What rights you have over your data
If you have an account on this site, or have left comments, you can request to receive an exported file of the personal data we hold about you, including any data you have provided to us. You can also request that we erase any personal data we hold about you. This does not include any data we are obliged to keep for administrative, legal, or security purposes.
If the General Data Protection Regulation applies to you because you are in the European Union, you have rights under data protection laws in relation to your personal data:
- The right to be informed – that’s an obligation on us to inform you how we use your personal data (and that’s what we’re doing that in this privacy policy);
- The right of access – that’s a right to make what’s known as a ‘data subject access request’ for copy of the personal data we hold about you;
- The right to rectification – that’s a right to make us correct personal data about you that may be incomplete or inaccurate;
- The right to erasure – that’s also known as the ‘right to be forgotten’ where in certain circumstances you can ask us to delete the personal data we have about you (unless there’s an overriding legal reason we need to keep it);
- The right to restrict processing – that’s a right for you in certain circumstances to ask us to suspend processing personal data;
- The right to data portability – that’s a right for you to ask us for a copy of your personal data in a common format (for example, a .csv file);
- The right to object – that’s a right for you to object to us processing your personal data (for example, if you object to us processing your data for direct marketing); and
- Rights in relation to automated decision making and profiling – that’s a right you have for us to be transparent about any profiling we do, or any automated decision making.
Where we send your data
Visitor comments may be checked through an automated spam detection service.
Your contact information
Design of Grace uses the information it collects from its website to respond to requests for information. Any information Design of Grace collects will only be made available to third parties it has contracted to provide services on its behalf.

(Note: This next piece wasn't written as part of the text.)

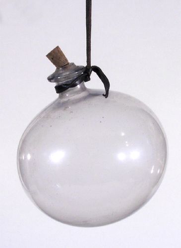 Skomagerkugle, Kugleformet glasbeholder med hals og omlagt rigle. Fyldes med vand og benyttet som linse i forbindelse med petroleums lampe, til at koncentrere og forstærke lyset.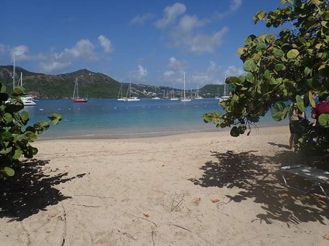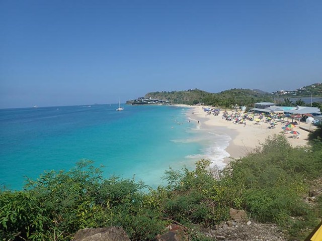 Meanwhile the driver took the rest of the people to a nearby beach. It was called Pigeon Beach. It looked like a nice beach and there was a sign there about a snorkel trail. The guide said it also had a hiking trail which went about 6 miles uphill to Shirley Heights, another of the places where a lot of the cruise ship tours go. It’s a former 17th century military lookout which is now a tourist site with food and entertainment and a cost to get in.

If you have any privacy-specific concerns, email me at privacy@designofgrace.com.
Additional information
How we protect your data and
We have put in place appropriate security measures to prevent your personal data from being accidentally lost, used or accessed in an unauthorised way, altered or disclosed. In addition, we limit access to your personal data to those employees, agents, contractors and other third parties who have a business need to know. They will only process your personal data on our instructions and they are subject to a duty of confidentiality.
We use Hyper Text Transfer Protocol Secure (HTTPS) which is the secure version of HTTP, the protocol over which data is sent between your browser and the website that you are connected to. The ‘S’ at the end of HTTPS stands for ‘Secure’. It means all communications between your browser and the website are encrypted.
Payments
We provide paid products and/or services. We use third-party services for payment processing (e.g. payment processors).
We will not store or collect your payment card details. That information is provided directly to our third-party payment processors whose use of your personal information is governed by their Privacy Policy. These payment processors adhere to the standards set by PCI-DSS as managed by the PCI Security Standards Council, which is a joint effort of brands like Visa, Mastercard, American Express and Discover. PCI-DSS requirements help ensure the secure handling of payment information.
The payment processors we work with are:
- Paypal
Their Privacy Policy can be viewed at https://www.paypal.com/us/webapps/mpp/ua/privacy-full
what data breach procedures we have in place
We have put in place procedures to deal with any suspected personal data breach and will notify you and any applicable regulator of a breach where we are legally required to do so.